The miracle occurred. A pact was signed between the leaders of the Polish government and the leaders of the Federal Republic of Germany, permitting German nationals who had been trapped in that area to move to West Germany. Brother and Sister Konietz and their children moved to West Germany, and Brother Konietz became the bishop of the ward in which they resided.

The entire Konietz family went to the holy temple in Switzerland. And who was the temple president who greeted them in a white suit with open arms? None other than Percy Fetzer—the patriarch who gave them the promise. Now, in his capacity as president of the Bern Switzerland Temple, he welcomed them to the house of the Lord, to the fulfillment of that promise, and sealed the husband and wife together and the children to their parents.

The young daughter eventually married in the house of the Lord. The young son received his call and fulfilled a full-time mission.

“We’ll see you in the temple!”

For some of us, our journey to the temple is but a few blocks. For others, there are oceans to cross and miles to go before they enter the holy temple of God.

Some few years ago, before the completion of a temple in South Africa, while attending a district conference in what was then Salisbury, Rhodesia, I met the district president, Reginald J. Nield. He and his wife and lovely daughters met me as I entered the chapel. They explained to me that they had been saving their means and had been preparing for the day when they could journey to the temple of the Lord. But, oh, the temple was so far away.

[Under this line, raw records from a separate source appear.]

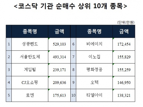 [코스닥 기관 순매수 상위 10개 종목]
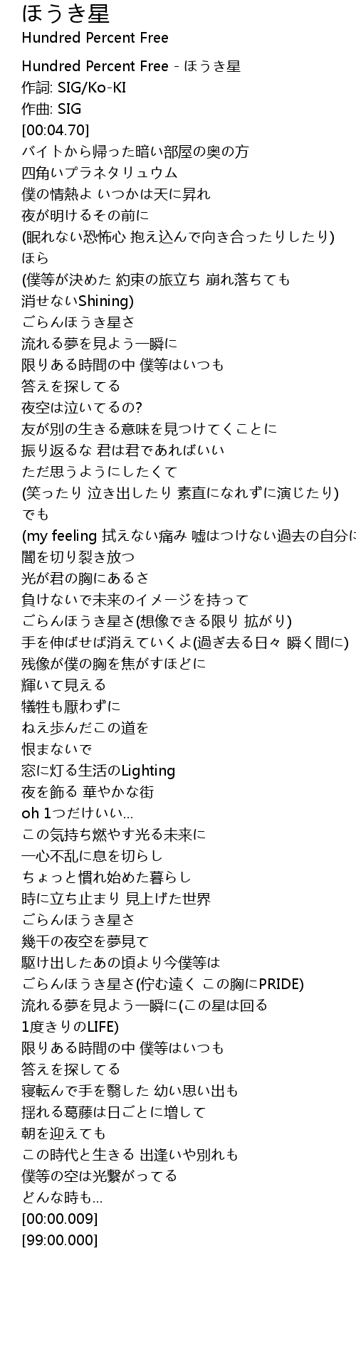 | [00:00.90] | Hundred Percent Free - ほうき星 |
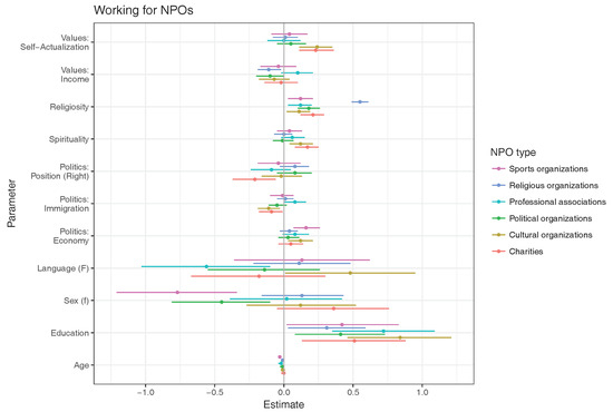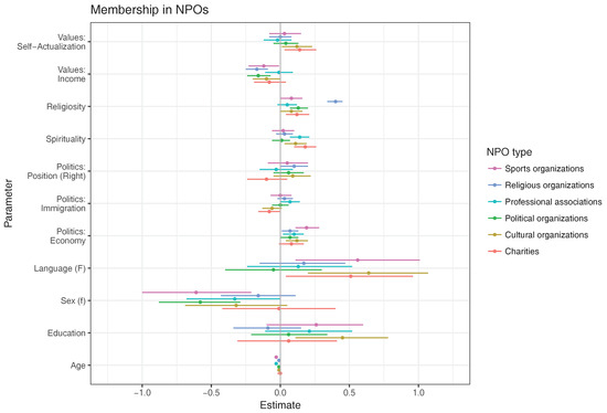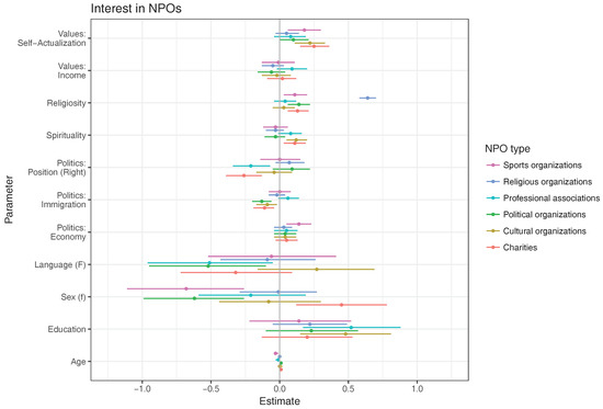 The estimation results for the six models with general interest in NPOs as the response variable are summarized in Figure 1.
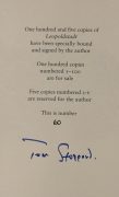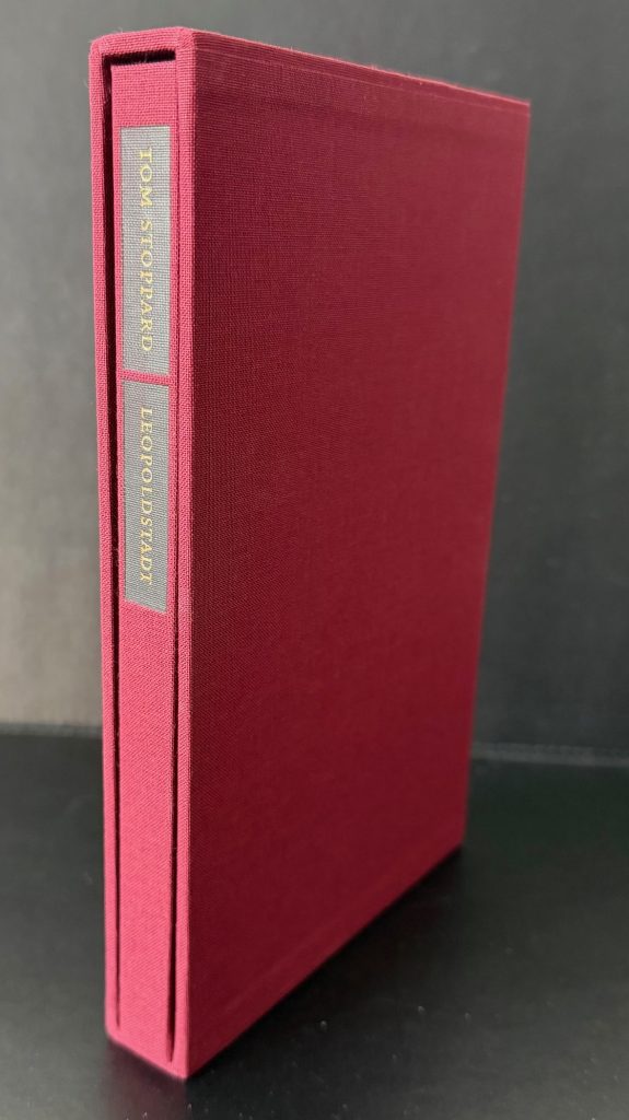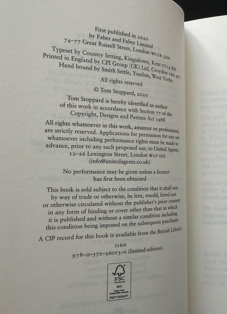 The First UK printing published by Faber, London in 2020. Number '60' of only 100 slipcased copies specially bound, numbered and signed by the author to the limitation page. The BOOK is in Fine condition and is unread. The book has only been opened to photograph these images. The maroon publisher's plain slipcase is in Fine condition. No wrapper as issued. Still housed tin the publisher's original paper wrapping with matching numbered label. This signed limited edition was issued simultaneously with the publisher's trade edition. Tom Stoppard's latest play which opened at the Wyndham's Theatre in January 2020 to high acclaim. Accompanied by the original Wyndham Theatre Flyer card for the theatre production. An extremely elusive title with such attributes now. Collectible.

At the conclusion of the meeting, the four lovely daughters asked me questions about the temple: “What is the temple like? All we have seen is a picture.” “How will we feel when we enter the temple?” “What will we remember most?” For about an hour I had the opportunity to talk to four girls about the house of the Lord. As I departed for the airport, they waved to me, and the youngest girl said, “We’ll see you in the temple!”

One year later I had the opportunity to greet the Nield family in the Salt Lake Temple. In a peaceful sealing room I had the privilege to unite for eternity, as well as for time, Brother and Sister Nield. The doors were then opened, and those beautiful daughters, each of them dressed in spotless white, entered the room. They embraced mother, then father. Tears were in their eyes, and gratitude was in their hearts. We were next to heaven. Well could each one say, “Now we are a family for eternity.”

This is the marvelous blessing that awaits those who come to the temple. May each of us live worthy lives, with clean hands and pure hearts, so that the temple may touch our lives and our families.

How far is heaven? I testify that in the holy temples it is not far at all—for it is in these sacred places that heaven and earth meet and our Heavenly Father gives His children His greatest blessings.